A compact benchmark for policy comparison: the same world run under three risk appetites produces three distinct reward profiles you can read straight from the exported walker rows. Demonstrates indirect, reference-based grid navigation and reproducible per-step reward accounting.

TRAITS
Async
Independent, event-driven timelines
Tick
Discrete fixed-step time
Spatial
Entities have position & topology
Observations
Emits structured agent observations
FSM
Entities are finite-state machines
SCHEMA

Linked tables with guaranteed referential integrity.

TABLECOLUMNSDESCRIPTION
walker ID, policy, steps, total_reward, current_cell_id, current_state One row per walker: its policy, steps taken, cumulative reward and current cell.
gridcell ID, kind, reward, north_id, south_id, east_id, west_id, current_state One row per cell: kind (normal/cliff/goal), step reward and the four neighbour references.
LIVE API

Generated REST endpoints.
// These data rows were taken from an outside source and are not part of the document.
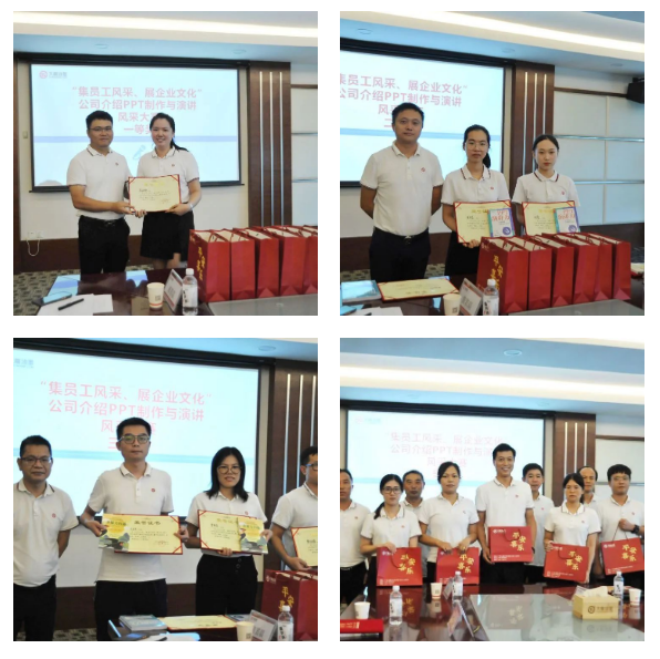 公司高管及评委为本次大赛获奖者颁发证书及奖品,一起见证他们的成长与荣光。本次PPT制作与演讲大赛,充分锻炼员工的结构化思维和表达能力,给大家提供互相交流切磋的机会,挑战自我,收获成长,互相学习,以彼之长,补己之短,促进员工跨部门沟通,加深员工对公司的了解,激发员工学习热情,树立信心。大赛圆满落幕,我们还需持续努力,行而不辍,乘风破浪,未来可期。
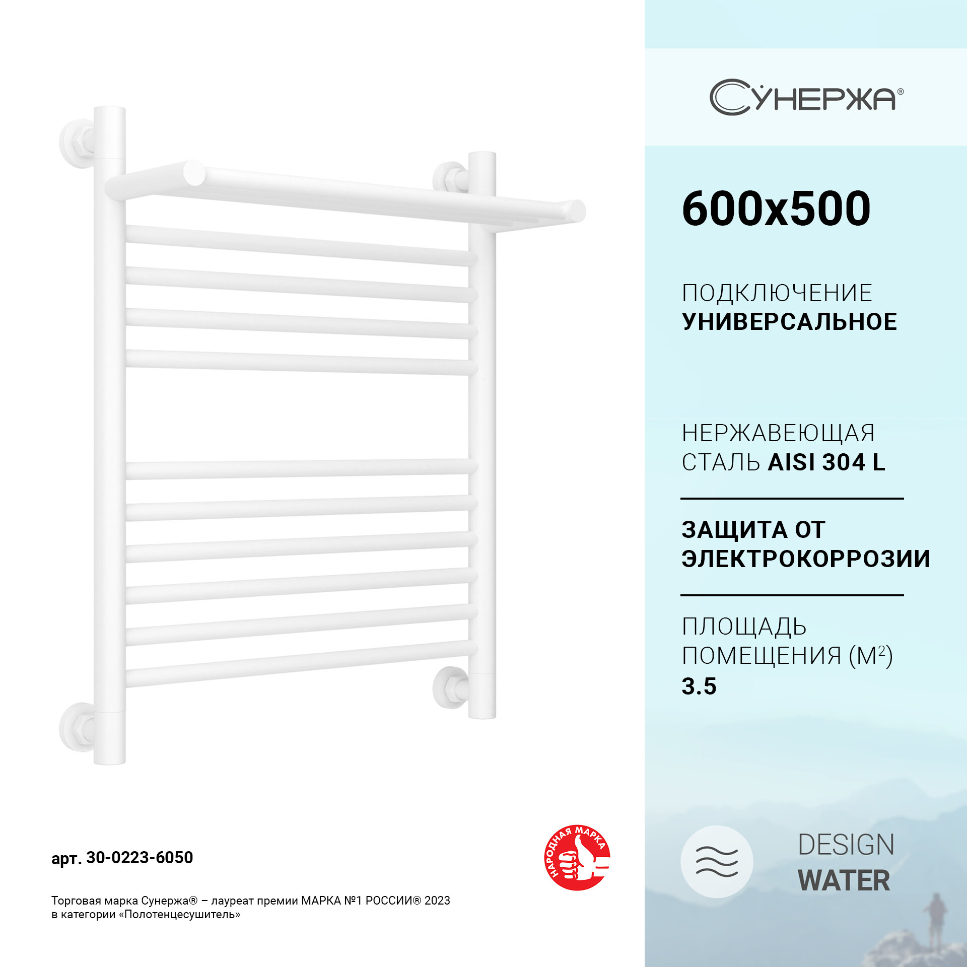 10 цен на Водяной полотенцесушитель Сунержа Богема с полкой+ 600x500 матовый белый арт. 30-0223-6050
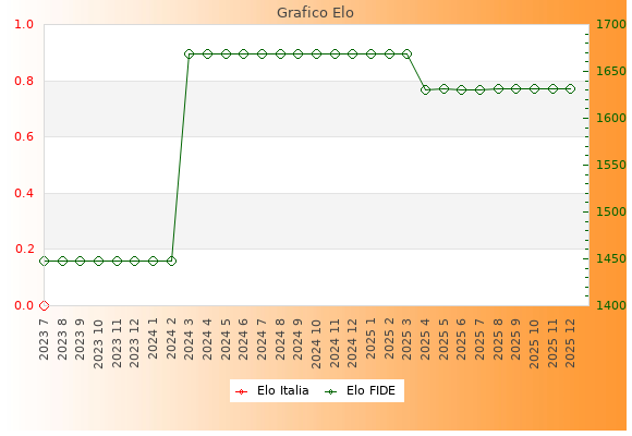 Elo FIDE: 1631    Migliore: 1669  (Marzo 2025)    Peggiore: 1448  (Luglio 2023)
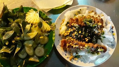 Grilled pork on tiny rice stick with lettuce, cucumber and mint leaves
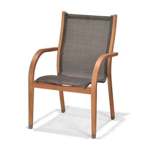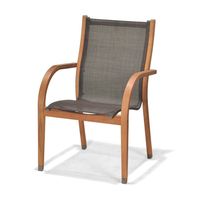 Krzesło Bramley to najlepsza propozycja dla osób ceniących sobie atrakcyjną formę i wygodę w użytkowaniu. Profilowane siedzisko wykonane zostało z materiału Weathernet Earth Brown odpornego na niekorzystny wpływ promieni słonecznych. Lekka, aluminiowa konstrukcja wykończona została drewnem eukaliptusa. Nadaje mu ono lekko egzotycznego charakteru - ten niebanalny styl zaspokoi wymagające gusta. Sztaplowanie pozwala na wygodne przechowywanie.
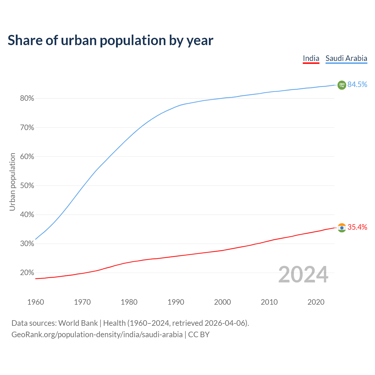 From 2004 to 2024, the share of urban population changed from 28.8% to 35.4% in India and from 80.8% to 84.5% in Saudi Arabia.

Also exposed as MCP tools.

POST /scenarios/cliff-walking/experiments Seed a new gridworld
POST /scenarios/cliff-walking/experiments/{eid}/run Advance N turns, or request a move
GET /scenarios/cliff-walking/experiments/{eid}/entities/walker Read walker positions and rewards
GET /scenarios/cliff-walking/experiments/{eid}/events Append-only event log
GET /scenarios/cliff-walking/experiments/{eid}/dataset Download the exported dataset
SEMANTIC LAYER

OSI-compatible definition, emitted with the dataset.

# cliff-walking.osi.yaml — emitted automatically
semantic_model:
  name: "cliff-walking"
  source: "duckdb://cliff-walking.db"
  entities:
    - name: walker
      primary_key: id
  dimensions:
    - name: state
      type: categorical
    - name: t
      type: time
  measures:
    - name: row_count
      agg: count
    - name: active
      agg: sum
      filter: "state = 'ACTIVE'"